EDITOR'S NOTE: Today's newsletter is dedicated to the 10th anniversary of 9/11. A decade. Ten years. Oddly, it feels like only ten minutes. Memories begin rushing back. Conversations become hushed reflections of where each of us was that morning - each of us remembers in minute detail. Today, my city is basking in another gloriously sunny day, and I'm heartened by memories of my recent walk-abouts here and there: the High Line in late summer bloom and the architectural garden rising around it. A Gehry glimmering in a late afternoon sun. A carousel wrapped in a Nouvel about to start spinning on the Brooklyn waterfront. And tourists asking which train goes to Ground Zero. Life goes on, but we will never forget. - Kristen Richards, Hon. AIA, Hon. ASLA

•   Schama looks for a friend's name in "cut into the blackened bronze lip that overlooks the cascades" and reflects on "what makes a successful memorial? The world music of those names is perhaps all the eloquence we need."

•   Schumacher finds the Ground Zero memorial "an unflinching confrontation with loss" and "the amount of intelligence, investment, innovation and muscle being poured into this place" is unlike anything she's ever seen.

•   Nobel bemoans that "the search for meaning at Ground Zero still proves painfully elusive."

•   Saffron says the memorial "is a surprisingly effective emotional prompt for our feelings," but what is being built around it reflects "the narrative of the last decade, when corporate greed took precedence over civic good."

•   Kennicott x 2: the Ground Zero Memorial "is an extraordinary thing," but to succeed, "it must ultimately merge with the landscape of New York not as a place apart."

•   He finds the 9/11 memorial at Shanksville "inspires thoughtfulness and repose, without adding undue pomposity or sentiment," but best to see it soon "if you want to hear the memorial speak softly as it now does, before it becomes blander and generic."

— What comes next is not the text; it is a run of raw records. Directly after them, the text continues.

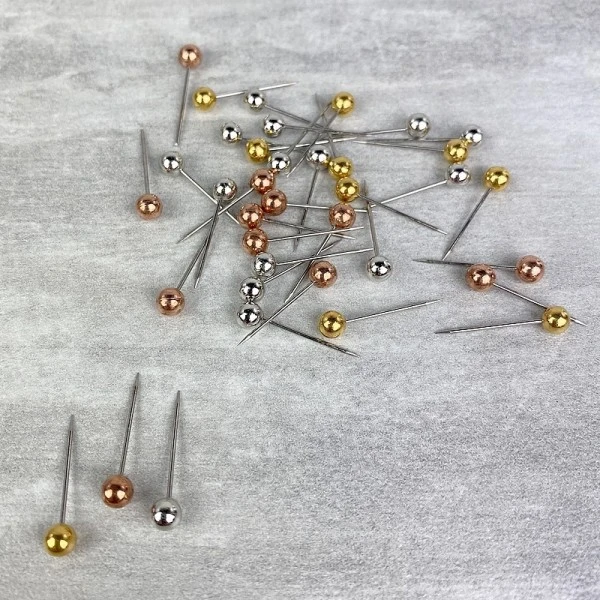 Description de Lot de 200 petites épingles perles argenté doré cuivré, longueur 1,6 cm, aiguilles têtes 4 mm
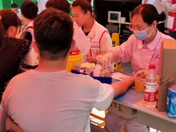 活动开始前青年志愿者们现场指引填表、登记,工作人员查体化验、献血、领取献血证,所有流程都井然有序地进行。工作人员及志愿者们细心提醒同学们献血过程中及献血后要注意的事项。同学们挽起袖子献出自己的青春热血,生命在他们的鲜红血中绵延,每一位参与献血的同学脸上都洋溢着开心的笑容,他们用奉献的暖风吹拂了科大的每一个角落。
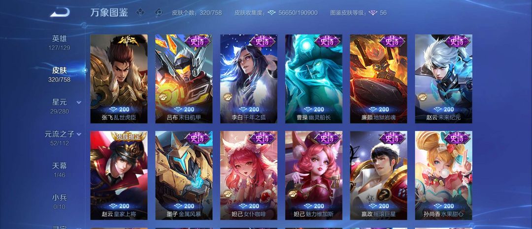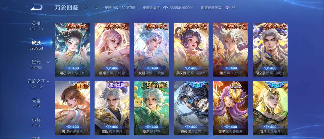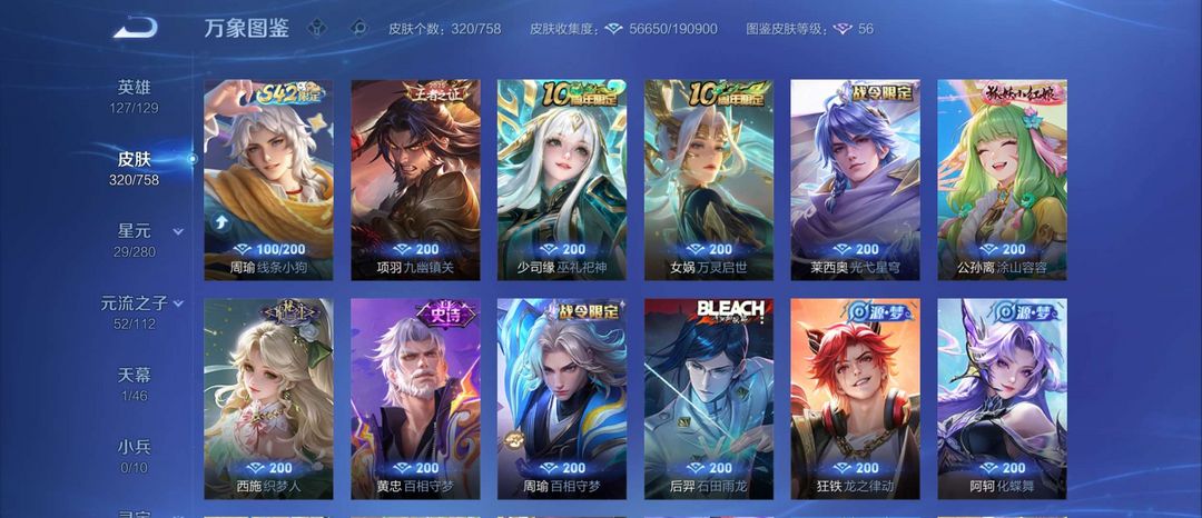 6无双*无相,天机白泽,碎月剑心,璃龙剑,神罪,群星魔术团,虞姬,伽罗典藏,2珍品,怪盗基德

•   The Pentagon Memorial is "a quiet lesson for the living" - it is "not a cemetery, at all. Go ahead and sit."

•   Gendall x 2 in conversations with Michael Arad re: "Reflecting Absence"; and David Childs re: Ground Zero: "Architects should be particularly proud. This is a truly New York project."

•   Iovine's thoughtful take on what has happened in architecture since 9/11: the "intense public focus was pure adrenaline for architects," but, alas, "the moment didn't last."

•   Kamin's thoughtful take on how 9/11 changed architecture: "Just as the attacks did not destroy the human urge to build taller, so they did not vanquish our desire to gather in vibrant public spaces."

•   Tischler gets into the details of how 9/11 changed the way skyscrapers are designed: at 1WRC, it won't be "how can a flock of stiletto-wearing fashionistas get down 102 stories safely?" But rather, "Where can we park our armada of town cars?" Believe it or not, that's progress."

•   A fascinating look at the campaign against the original WTC construction in the 1960s: "The idea of making the towers the tallest in the world came from the Port Authority's marketing department."

•   The BMW Guggenheim Lab and "Supertall!" offer two competing ideas of architecture: "Should all architectural projects resort to minimalism out of ecological necessity? Or should those who create them strive for ever-inventive ways to trounce gravity?"